The challenge is that "exactly once" must span three systems: reading from Kafka (consumer), processing (application), and writing results (to Kafka or another system). Each transition is a potential failure point. Kafka's EOS closes all three gaps when both the source and sink are Kafka topics.

The Two Components of Kafka EOS

Kafka's exactly-once guarantee requires two pieces working together: the idempotent producer (which prevents broker-side duplicates) and transactions (which make read-process-write atomic across partitions).

Idempotent Producer Review

The idempotent producer assigns each producer instance a Producer ID (PID) and tags each message with a monotonically increasing sequence number per partition. The broker uses these to deduplicate retries. If the producer retries a message that the broker already stored, the broker silently discards the duplicate and resends the ACK for the original.

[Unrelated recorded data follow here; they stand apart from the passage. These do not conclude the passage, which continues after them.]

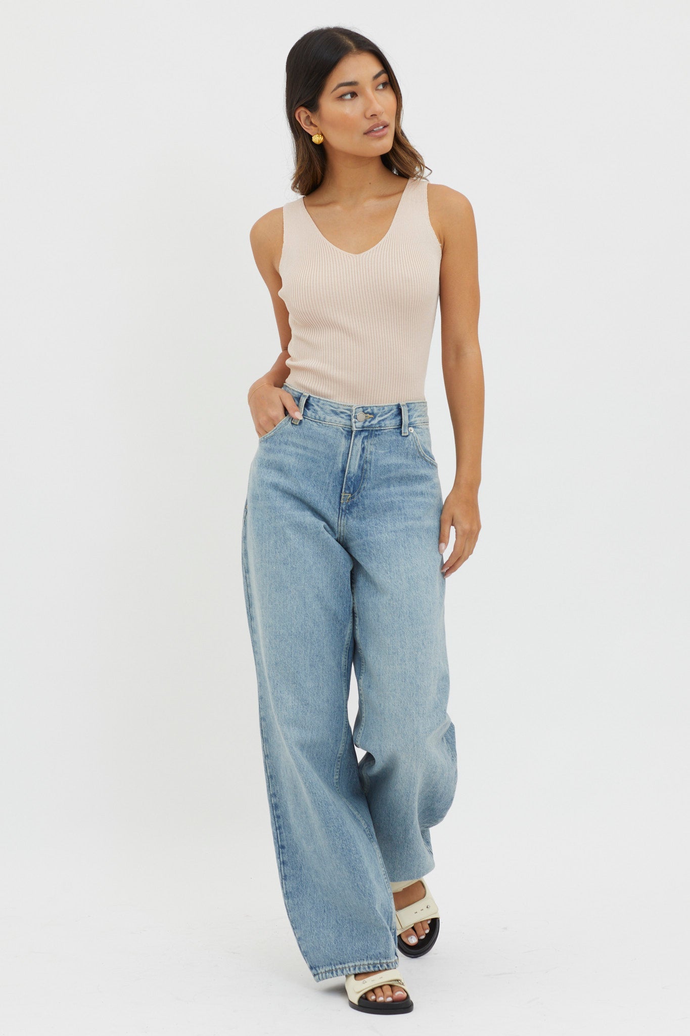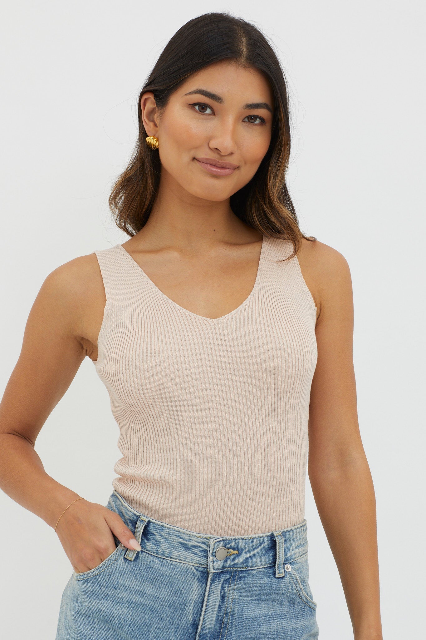 Off-Duty V-Neck Ribbed Knit Top Beige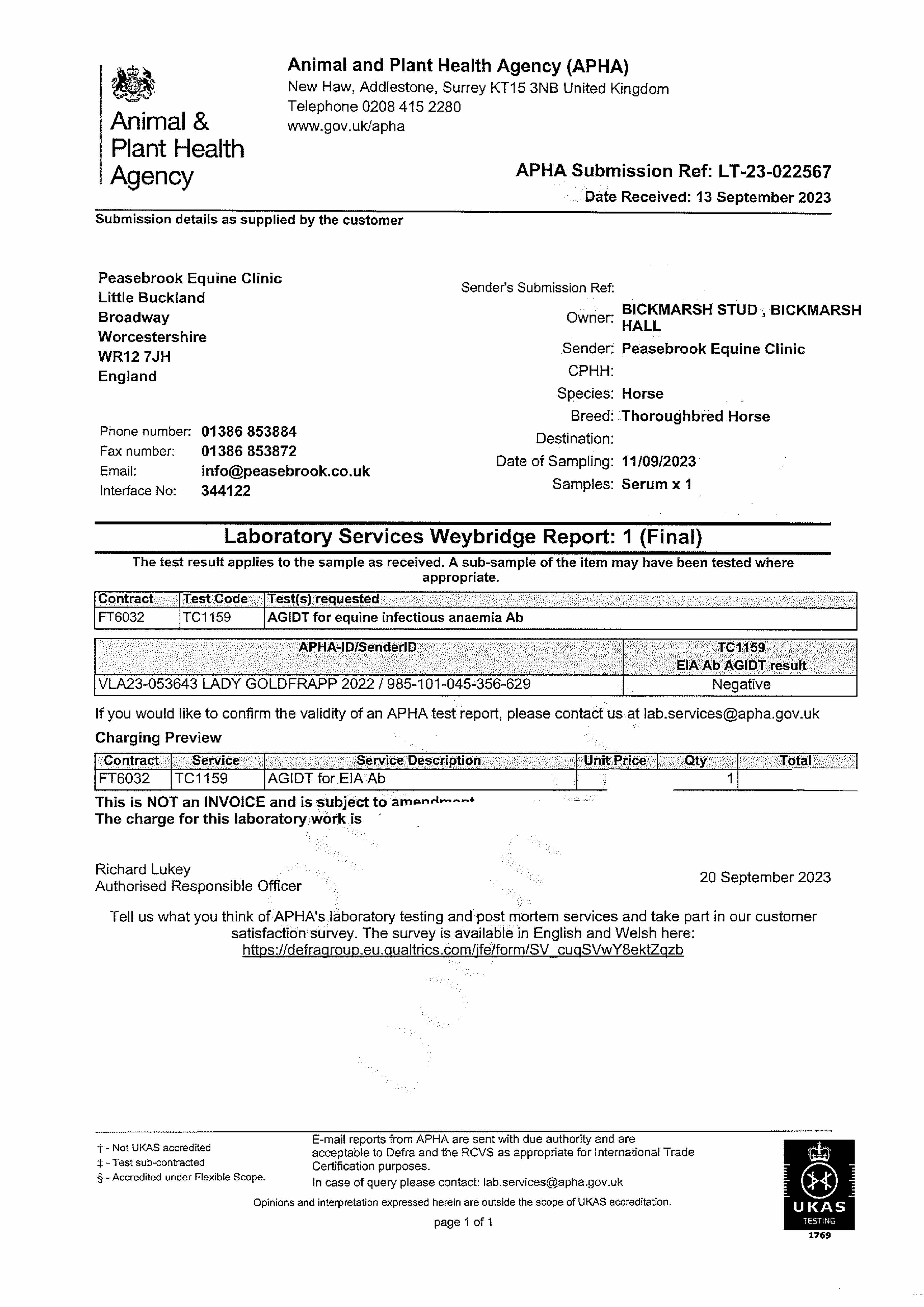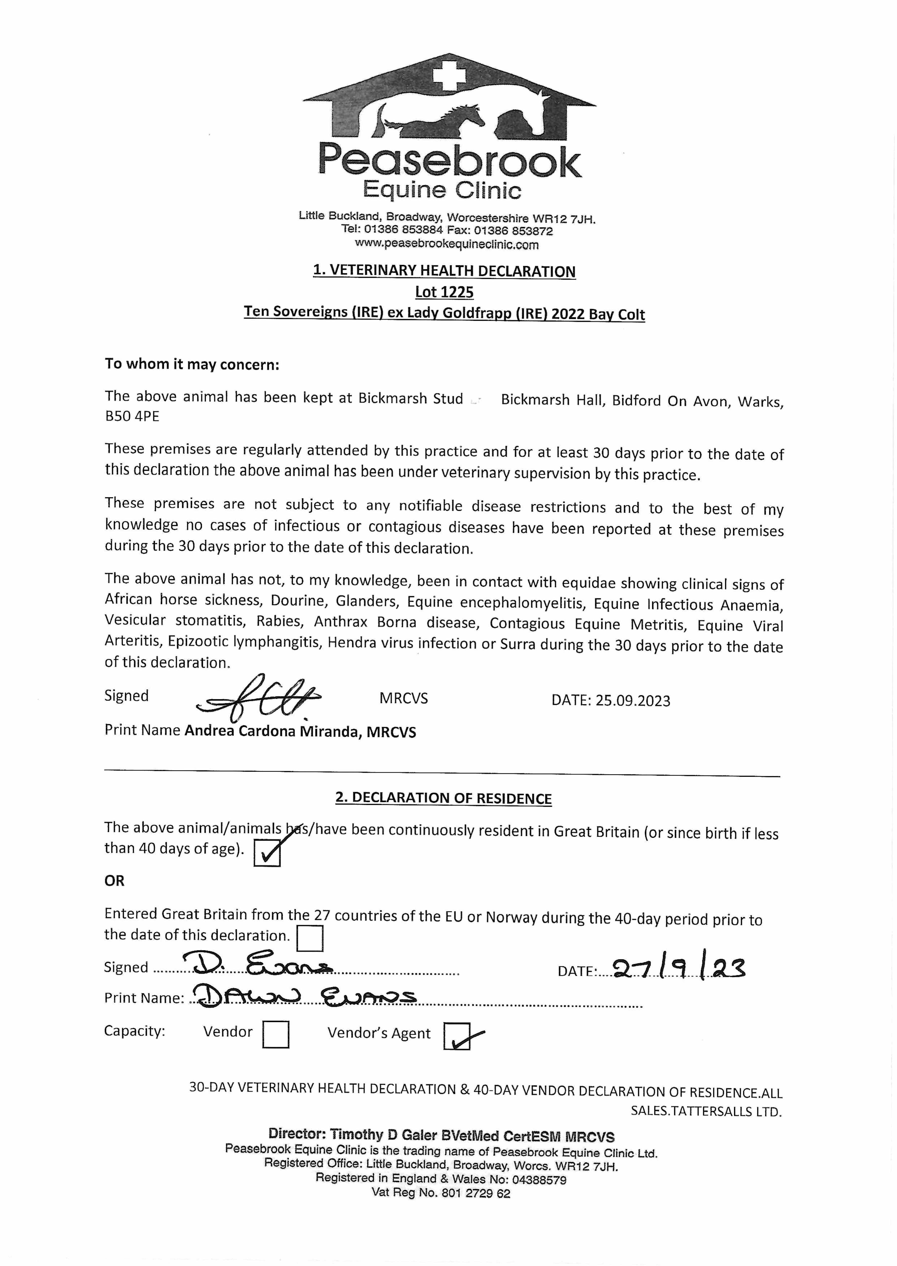 Consignor: Bickmarsh Stud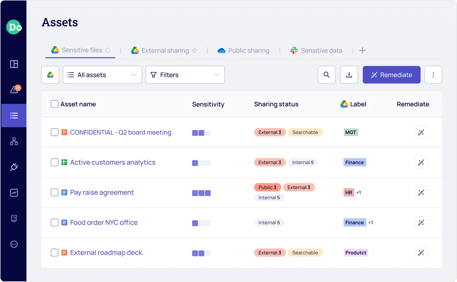 Automated Bulk Remediation Performs on-demand, large-scale remediation actions to clean up historical data exposure.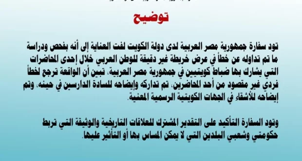 أوضحت سفارة جمهورية مصر العربية لدى دولة الكويت أنه بفحص ودراسة ما تم تداوله عن خطأ في عرض خريطة غير دقيقة للوطن العربي خلال إحدى المحاضرات التي يشارك بها ضباط كويتيون في جمهورية مصر العربية تبين أن الواقعة ترجع إلى خطأ فردي غير مقصود من أحد المحاضرين، تم تداركه وإيضاحه للدارسين في حينه، وتم إيضاحه للأشقاء في الجهات الكويتية الرسمية المعنية.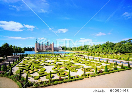 北欧のデンマーク王国 コペンハーゲン近郊ヒレレズのパラス湖畔の花越しのフレデリクスボー城と水鏡

The idempotent producer alone guarantees exactly-once to a single partition — but only for writes within a single producer session. It doesn't coordinate across multiple partitions or link the write to the prior read's offset commit.

Kafka Transactions

Transactions extend exactly-once to span multiple partitions and link the output writes to the input offset commit. A transaction groups a set of writes (to any number of topics/partitions) and an offset commit into a single atomic unit. Either everything commits or everything aborts — partial states are never visible to consumers.

TRANSACTION COMPONENTS:

1. Transactional Producer: sends writes + commits inside a transaction
2. Transaction Coordinator: a broker that manages the 2-phase commit protocol
3. Transaction Log: internal Kafka topic (__transaction_state) that records transaction state
4. Read-Committed Consumer: reads only committed transaction data

TRANSACTION FLOW:

[Consumer] reads from input-topic at offset 50
[Producer] beginTransaction()
[Producer] sends result to output-topic partition 0
[Producer] sends result to output-topic partition 1
[Producer] sendOffsetsToTransaction(committed_offset=51, group="my-group")
[Producer] commitTransaction()
              ↕ (2-phase commit via Transaction Coordinator)
All writes and offset become visible simultaneously.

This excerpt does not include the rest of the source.